In any case, emboldened by its increasing lineage towards China, much braver Nepal could logjam the bothersome crisis successfully. What made the Prime Minister Oli put up a brave face with a multifold greater military and nuclear power of India? Is India’s claim of a regional power, backed by the US policy in Asia questioned? Are all comparatively smaller peripheral states of India clubbing together to challenge its expansionist policies or India could no more trample over the region and faces competitive challenger? India’s overstretching in Maldives in the aftermath of 2017-2018 Doklam crisis, conflicts with Sri Lanka and Bangladesh are all precedence to the non-compliance with the India’s masque rated big brother intimidation. Ruling through causing fear is always counter -productive.  Hence, is it a revolt against the much pronounced Hindutva ideology enwrapping India itself speedily with monolithic claims of ancestry? The counter claims could also bea fence against non-secular interventions in the young democracies at its backyard countries. In either case it is certainly a yet another constitutional and democratic expression of protest, perhaps not as emphatic and painful like the dissent in the Indian Occupied Kashmir after the unconstitutional abrogation of  Article 370 which granted a special status to the Muslim state, gradually picking up the watershed status in the foreign policy status. Kashmir lies close to the neighborhood of Nepal in the peaceful and picturesque foothills of Himalayan Mountains. The domino effect is steady. 

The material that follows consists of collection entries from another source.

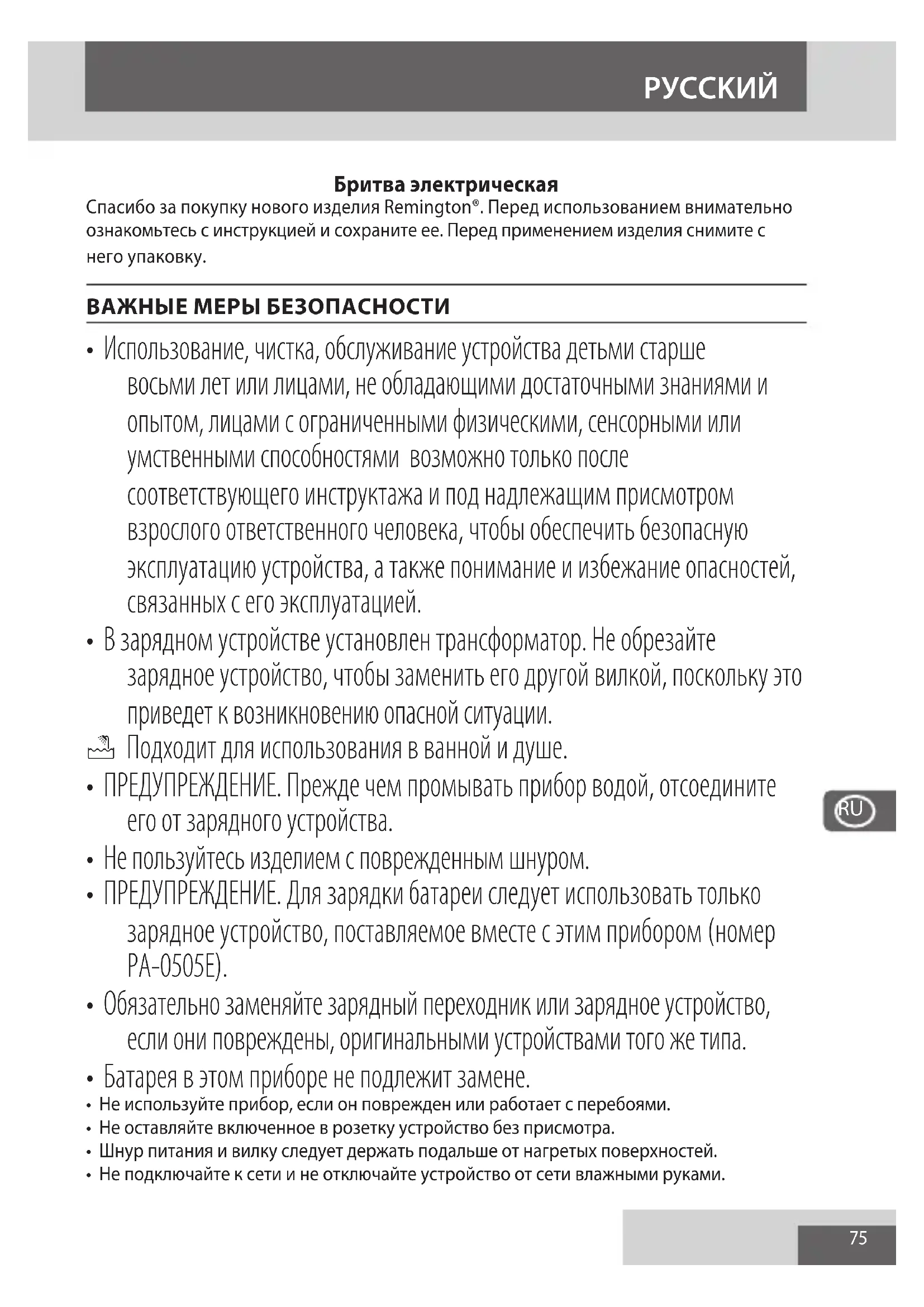 Remington. ИЗВЛЕЧЕНИЕ БАТАРЕИ Настоятельно рекомендуется, чтобы извлечение перезаряжаемой батареи выполнял специалист. На частях корпуса бритвы и приспособлениях есть острые края. Неправильное обращение может привести к травме.
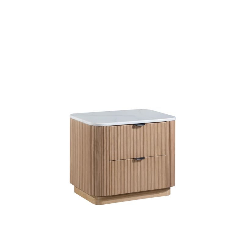 Melrose Fluted Solid Wood Marble Top Bedside Table
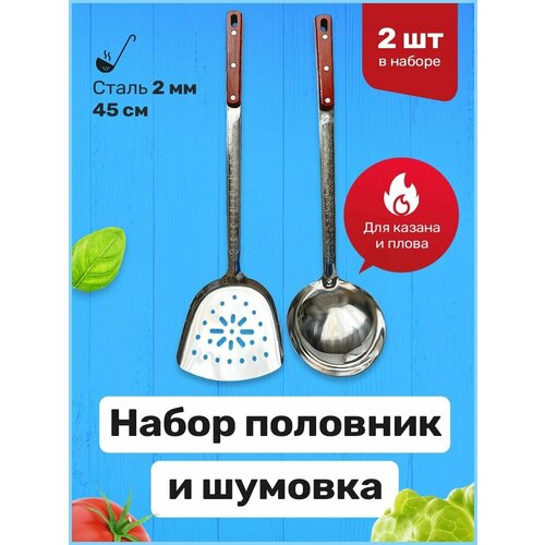 Половник и шумовка для казана, набор половник и шумовка для плова 2 шт, набор половников больших
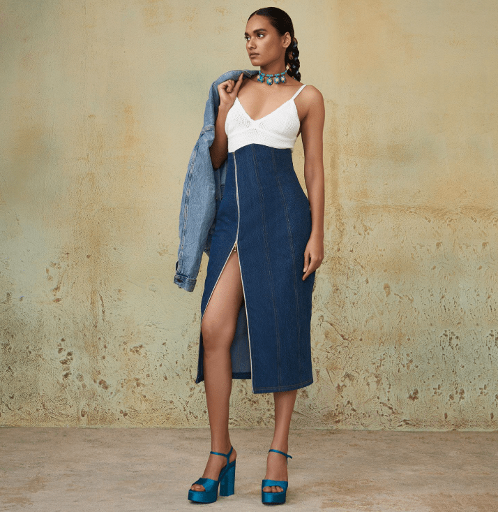 Josie’s skirt was identified as being from River Island, but I believe that it is in fact this skirt that she wore in January 2024: Karen Millen Contrast Stitch Detail Corset Waist Denim Midi Skirt £63.20 in Mid Blue (sold out). Sculpting the silhouette with a pencil fit, this contemporary maxi skirt is crafted from premium denim. Featuring a corset waist and stitch detail, invest in this skirt for a capsule wardrobe piece.
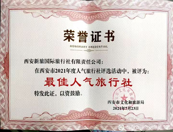 西安新旅國際旅行社地處西安市中心鐘樓商圈;是經(jīng)工商局和文旅局雙重審批的一家綜合性旅游企業(yè)!
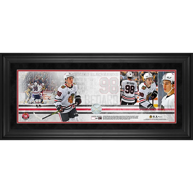 Panoramique encadré de 10" x 30" de Connor Bedard des Blackhawks de Chicago, premier match de la LNH, avec un morceau de filet utilisé lors du premier match de la LNH - Édition limitée à 198 exemplaires
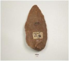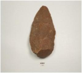 | Description / विवरण | A scraper with flake scars on dorsal side, prepared platform, diffused bulb on ventral side and use wear marks on cutting edge. |

 India had kept an effective possession of this territory for at least sixty years despite the fact that Nepal conducted census there in the early 1950s.It is also highlighted in a detailed and concretely researched essay by Sam Cowan. In fact, a part from Kalapani, there is also a second dispute with India in the Susta river border region. India had however, controlled this territory of Kalapani for long. Apart from conducting its administration and deploying military forces up to the border pass with China, India introduced several infrastructural changes as well uninterruptedly for several years. This strategically important link at the tri-junction of India, Tibet and Nepal in Kalapani provides one of the quickest accesses for thousands of Hindus trekking across the border to visit the sacred Mount of Kalash. The religious significance is as valuable for India and holds the civilian and the military control of the region.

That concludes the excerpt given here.